▶ **Task brief**: Within the records below, repeat each line exactly but keep every picture out of the copy.

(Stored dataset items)

-- Opening Marker --

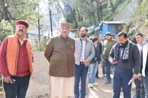 मसूरी, 13 फरवरी। प्रदेश के कैबिनेट मंत्री गणेश जोशी ने आज मसूरी पहुंचकर बरसात के दौरान क्षतिग्रस्त हुए कैमल बैक रोड के निर्माण कार्यों का जायजा लिया। इस दौरान उन्होंने संबंधित अधिकारियों को निर्देश दिए कि निर्माण कार्य को शीघ्र पूर्ण किया जाए और गुणवत्ता से कोई समझौता न किया जाए। उन्होंने अधिकारियों को स्पष्ट रूप से एक सप्ताह के भीतर कार्य पूरा करने का निर्देश दिया।
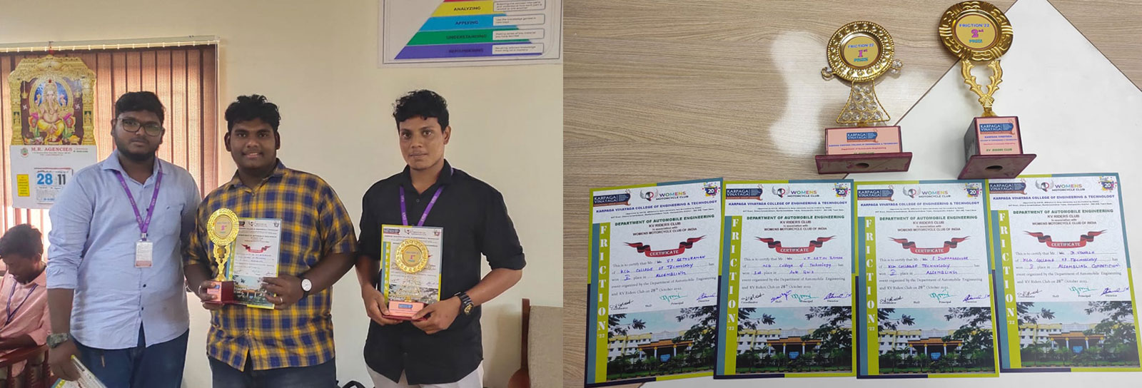 Final year Automobile students Surajnarayanan & Karthikeyan and his team-“KRYOTECH” won the First place in IIT-PALS INNOWOAH2022 on 29th March 2023 for their project “ML Based Onion Cold Storage System” 3rd year Automobile Students participated in “Auto carnival 23- Automotive Project Expo” at Hindustan Institute of Technology & Science on 30th March 2023. Kiranbabu & Keerthirajan-team is selected as the “winner” for their project-“Smart Helmet”. Arunkumar, Abhishek Shaji Thomas & Kruthikesh-team is selected as “Runner” for their project – “Smoke Detector in Car Cabin”
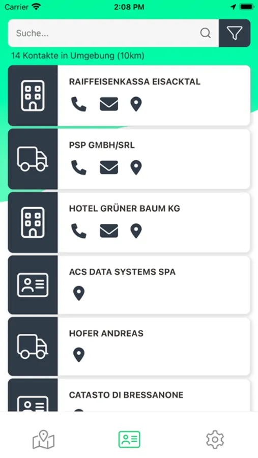 Nach dem Öffnen einer Adresse werden alle verfügbaren Kontaktinformationen angezeigt und können für Anrufe oder Versenden von Emails verwendet werden. Webseiten können aus dem Adresseintrag geöffnet werden. Die Adressen können auf der am mobilen Gerät verfügbaren Landkarte angezeigt werden.
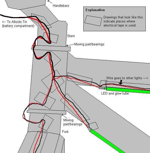 Utilice cinta aislante de buena calidad, resistente a la intemperie para asegurar los cables a su bicicleta. Cinta negra funciona muy bien para mí porque mi moto es casi negro.
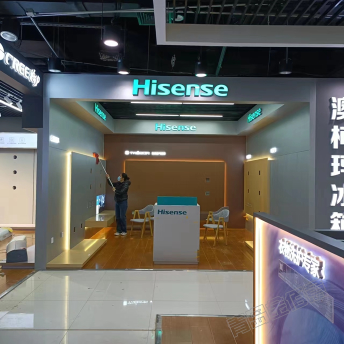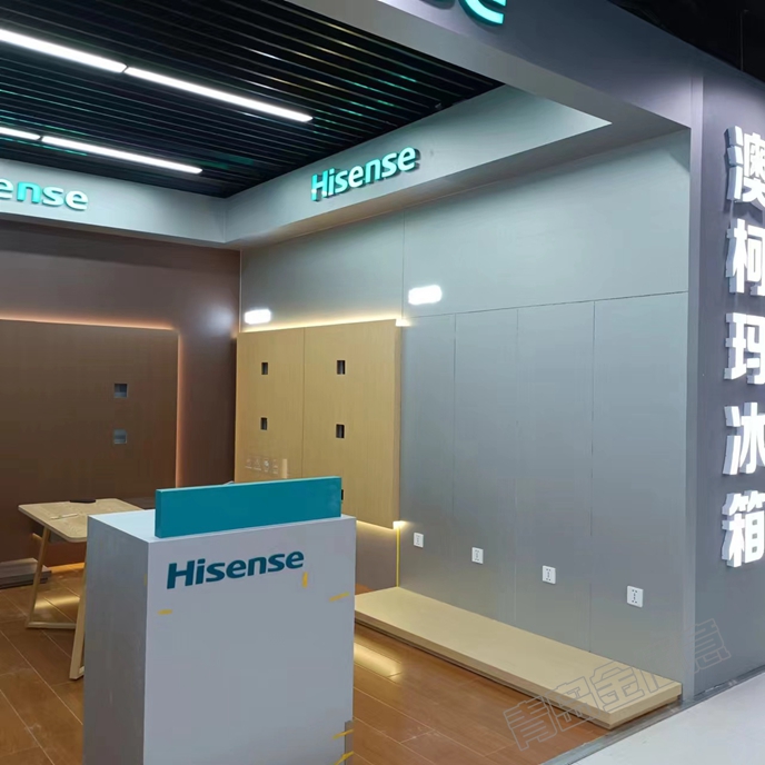 諸城佳樂家海信空調(diào)展廳,E0級刨花板基層,環(huán)保無味,高檔家私寶貼面,色彩紋路逼真,很有檔次;注塑發(fā)光字LOGO,發(fā)光均勻,顏色五偏差。青島金佰意展具提供了設(shè)計(jì)、裝修、展柜制作一條龍服務(wù)。

-- Closing Marker --

▶ **Answer to the exercise**:
 मसूरी, 13 फरवरी। प्रदेश के कैबिनेट मंत्री गणेश जोशी ने आज मसूरी पहुंचकर बरसात के दौरान क्षतिग्रस्त हुए कैमल बैक रोड के निर्माण कार्यों का जायजा लिया। इस दौरान उन्होंने संबंधित अधिकारियों को निर्देश दिए कि निर्माण कार्य को शीघ्र पूर्ण किया जाए और गुणवत्ता से कोई समझौता न किया जाए। उन्होंने अधिकारियों को स्पष्ट रूप से एक सप्ताह के भीतर कार्य पूरा करने का निर्देश दिया।
 Final year Automobile students Surajnarayanan & Karthikeyan and his team-“KRYOTECH” won the First place in IIT-PALS INNOWOAH2022 on 29th March 2023 for their project “ML Based Onion Cold Storage System” 3rd year Automobile Students participated in “Auto carnival 23- Automotive Project Expo” at Hindustan Institute of Technology & Science on 30th March 2023. Kiranbabu & Keerthirajan-team is selected as the “winner” for their project-“Smart Helmet”. Arunkumar, Abhishek Shaji Thomas & Kruthikesh-team is selected as “Runner” for their project – “Smoke Detector in Car Cabin”
 Nach dem Öffnen einer Adresse werden alle verfügbaren Kontaktinformationen angezeigt und können für Anrufe oder Versenden von Emails verwendet werden. Webseiten können aus dem Adresseintrag geöffnet werden. Die Adressen können auf der am mobilen Gerät verfügbaren Landkarte angezeigt werden.
 Utilice cinta aislante de buena calidad, resistente a la intemperie para asegurar los cables a su bicicleta. Cinta negra funciona muy bien para mí porque mi moto es casi negro.
 諸城佳樂家海信空調(diào)展廳,E0級刨花板基層,環(huán)保無味,高檔家私寶貼面,色彩紋路逼真,很有檔次;注塑發(fā)光字LOGO,發(fā)光均勻,顏色五偏差。青島金佰意展具提供了設(shè)計(jì)、裝修、展柜制作一條龍服務(wù)。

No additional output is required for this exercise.